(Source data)
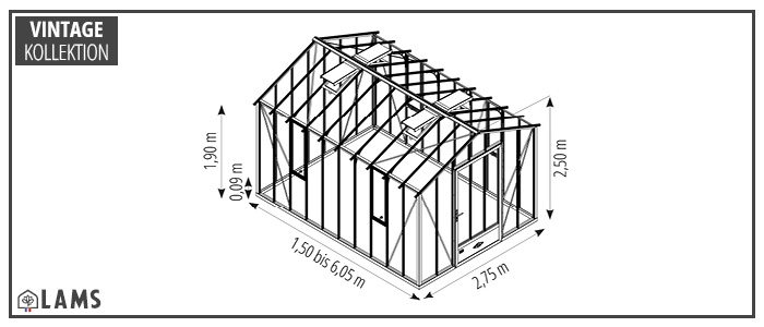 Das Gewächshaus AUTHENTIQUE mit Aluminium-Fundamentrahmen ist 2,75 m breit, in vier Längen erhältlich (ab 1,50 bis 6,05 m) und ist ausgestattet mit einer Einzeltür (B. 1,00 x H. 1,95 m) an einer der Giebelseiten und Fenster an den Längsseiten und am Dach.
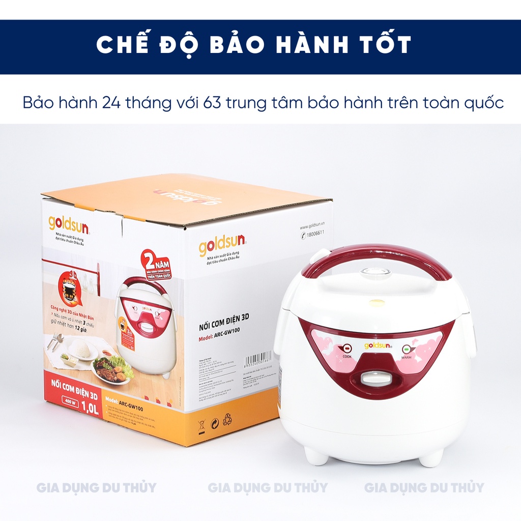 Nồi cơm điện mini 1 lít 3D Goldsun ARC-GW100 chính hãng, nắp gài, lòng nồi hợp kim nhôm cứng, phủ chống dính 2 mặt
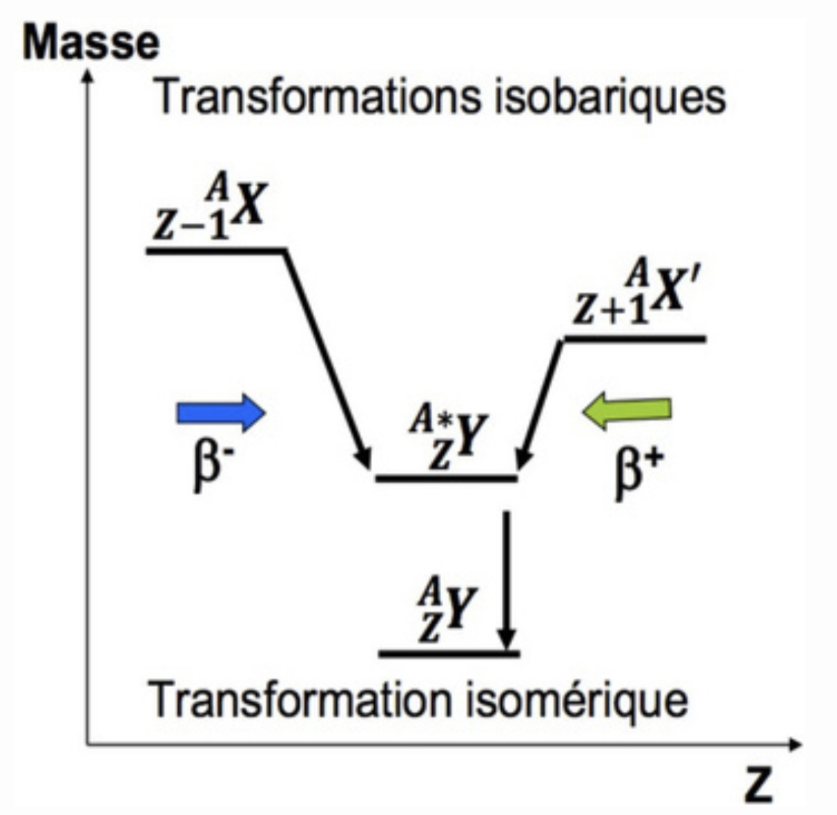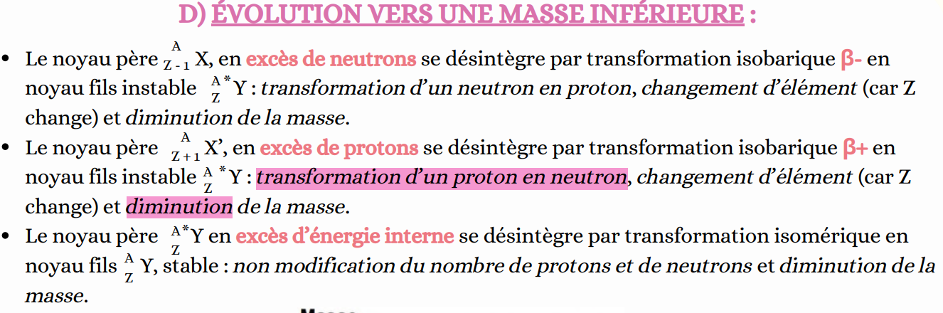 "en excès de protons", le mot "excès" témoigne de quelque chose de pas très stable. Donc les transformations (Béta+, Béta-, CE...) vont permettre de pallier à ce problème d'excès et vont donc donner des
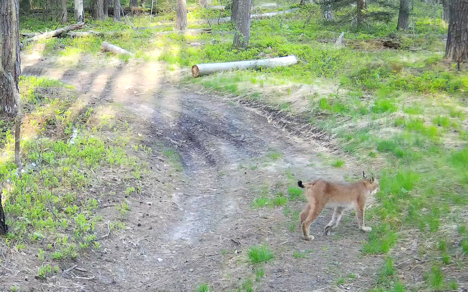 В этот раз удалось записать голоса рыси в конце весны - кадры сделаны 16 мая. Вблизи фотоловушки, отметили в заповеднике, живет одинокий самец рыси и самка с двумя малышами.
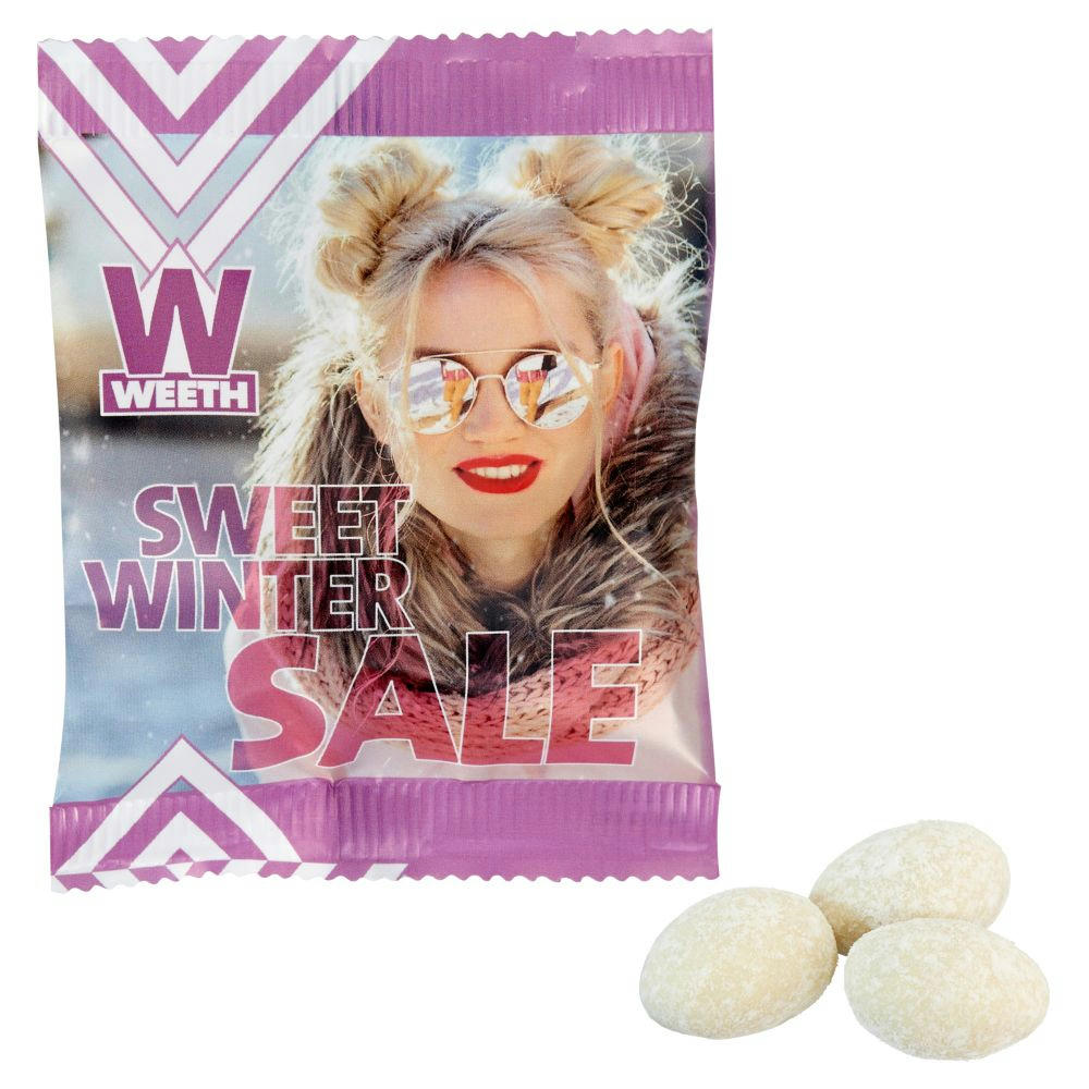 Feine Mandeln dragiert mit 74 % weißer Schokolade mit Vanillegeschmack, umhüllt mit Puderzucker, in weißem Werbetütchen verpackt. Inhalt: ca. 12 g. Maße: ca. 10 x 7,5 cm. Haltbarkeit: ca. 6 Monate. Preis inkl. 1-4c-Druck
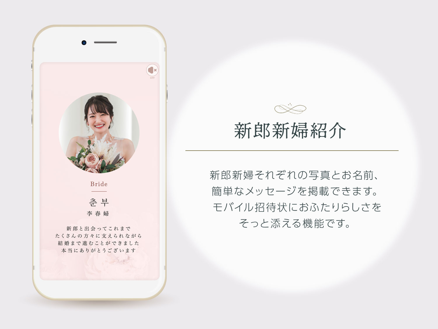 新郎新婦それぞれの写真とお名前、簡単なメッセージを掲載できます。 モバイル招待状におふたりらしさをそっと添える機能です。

*EXERCISE REQUIREMENTS*. What the answer needs is every line from the one with "В этот раз удалось" through the last line of the data, reproduced word for word and with pictures omitted.

*SOLUTION FOR THIS PROBLEM*.
 В этот раз удалось записать голоса рыси в конце весны - кадры сделаны 16 мая. Вблизи фотоловушки, отметили в заповеднике, живет одинокий самец рыси и самка с двумя малышами.
 Feine Mandeln dragiert mit 74 % weißer Schokolade mit Vanillegeschmack, umhüllt mit Puderzucker, in weißem Werbetütchen verpackt. Inhalt: ca. 12 g. Maße: ca. 10 x 7,5 cm. Haltbarkeit: ca. 6 Monate. Preis inkl. 1-4c-Druck
 新郎新婦それぞれの写真とお名前、簡単なメッセージを掲載できます。 モバイル招待状におふたりらしさをそっと添える機能です。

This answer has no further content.